Collected data:

-=-=-

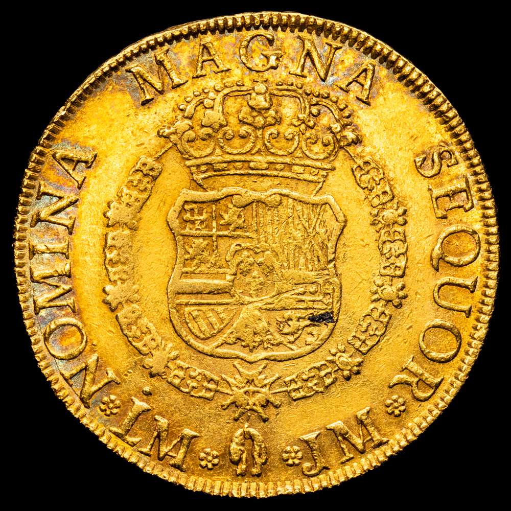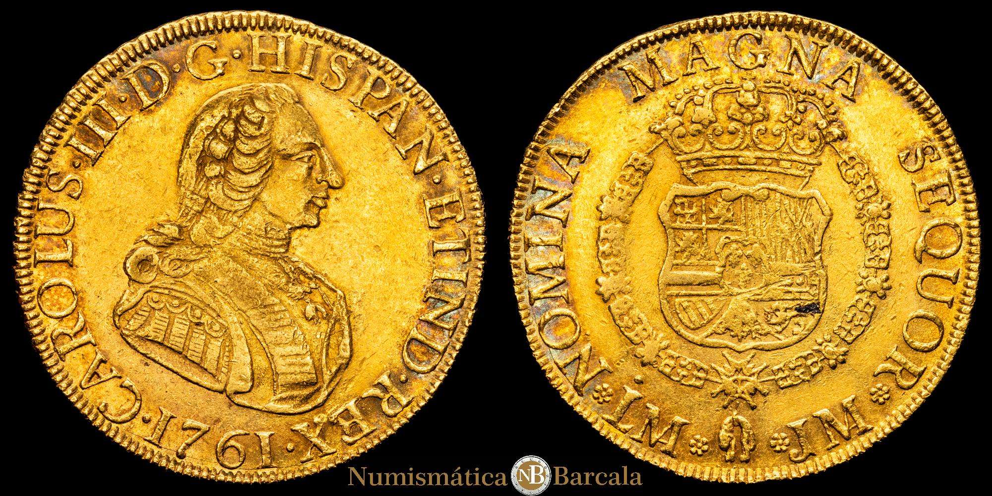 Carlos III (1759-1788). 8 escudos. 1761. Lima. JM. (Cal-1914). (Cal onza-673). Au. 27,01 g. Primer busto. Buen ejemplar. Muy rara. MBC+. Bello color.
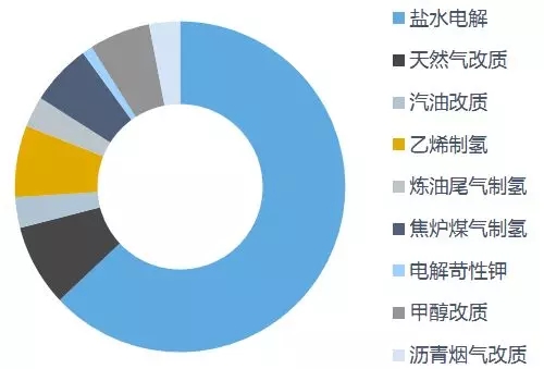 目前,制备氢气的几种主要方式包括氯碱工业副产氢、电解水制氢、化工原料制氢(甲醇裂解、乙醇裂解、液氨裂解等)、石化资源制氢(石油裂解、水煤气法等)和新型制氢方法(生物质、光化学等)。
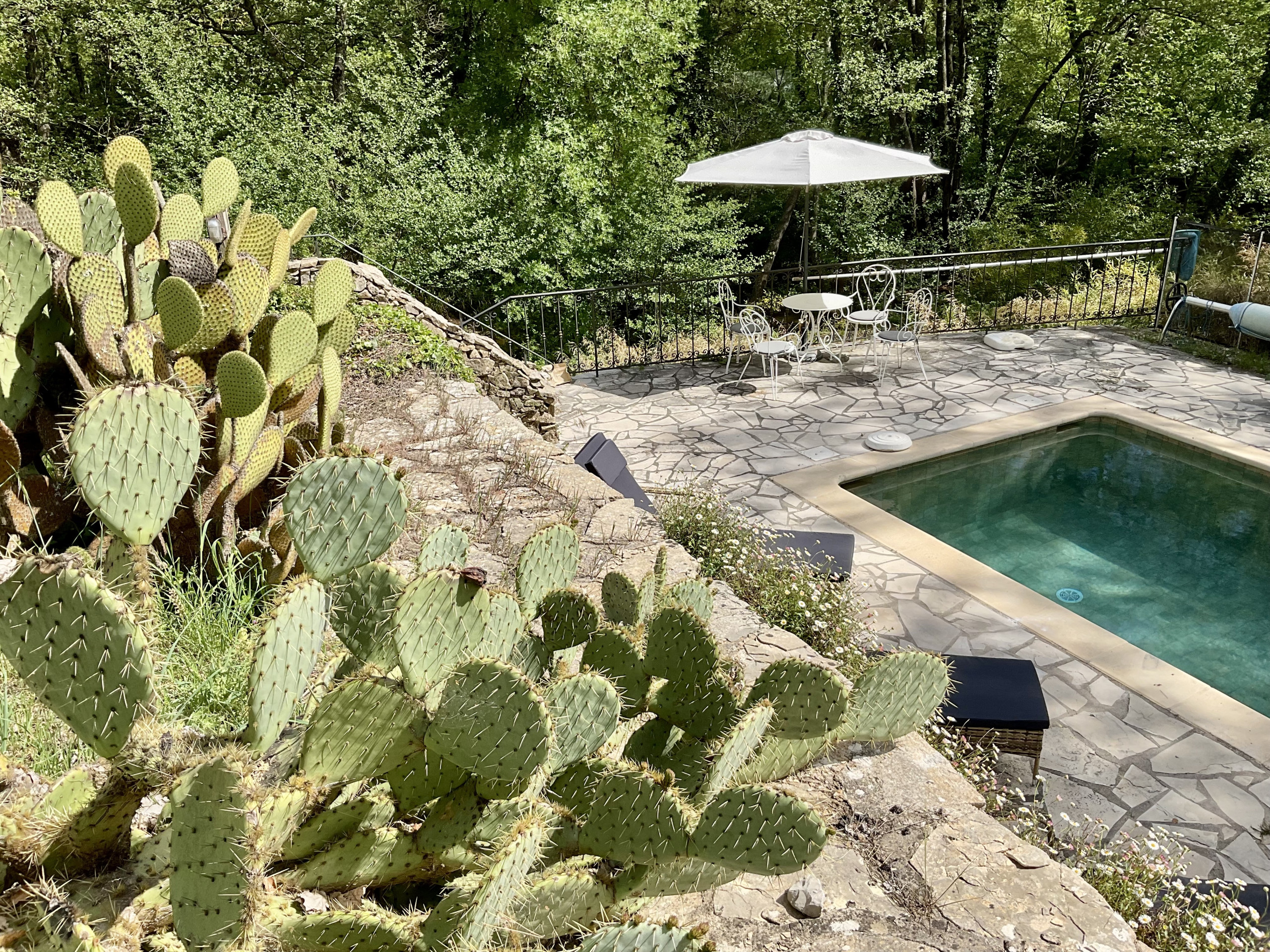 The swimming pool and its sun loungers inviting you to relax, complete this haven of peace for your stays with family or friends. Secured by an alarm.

-=-=-

Exercise details: Every line of the listing is to be retyped exactly; pictures stay out.

Answer for the task:
 Carlos III (1759-1788). 8 escudos. 1761. Lima. JM. (Cal-1914). (Cal onza-673). Au. 27,01 g. Primer busto. Buen ejemplar. Muy rara. MBC+. Bello color.
 目前,制备氢气的几种主要方式包括氯碱工业副产氢、电解水制氢、化工原料制氢(甲醇裂解、乙醇裂解、液氨裂解等)、石化资源制氢(石油裂解、水煤气法等)和新型制氢方法(生物质、光化学等)。
 The swimming pool and its sun loungers inviting you to relax, complete this haven of peace for your stays with family or friends. Secured by an alarm.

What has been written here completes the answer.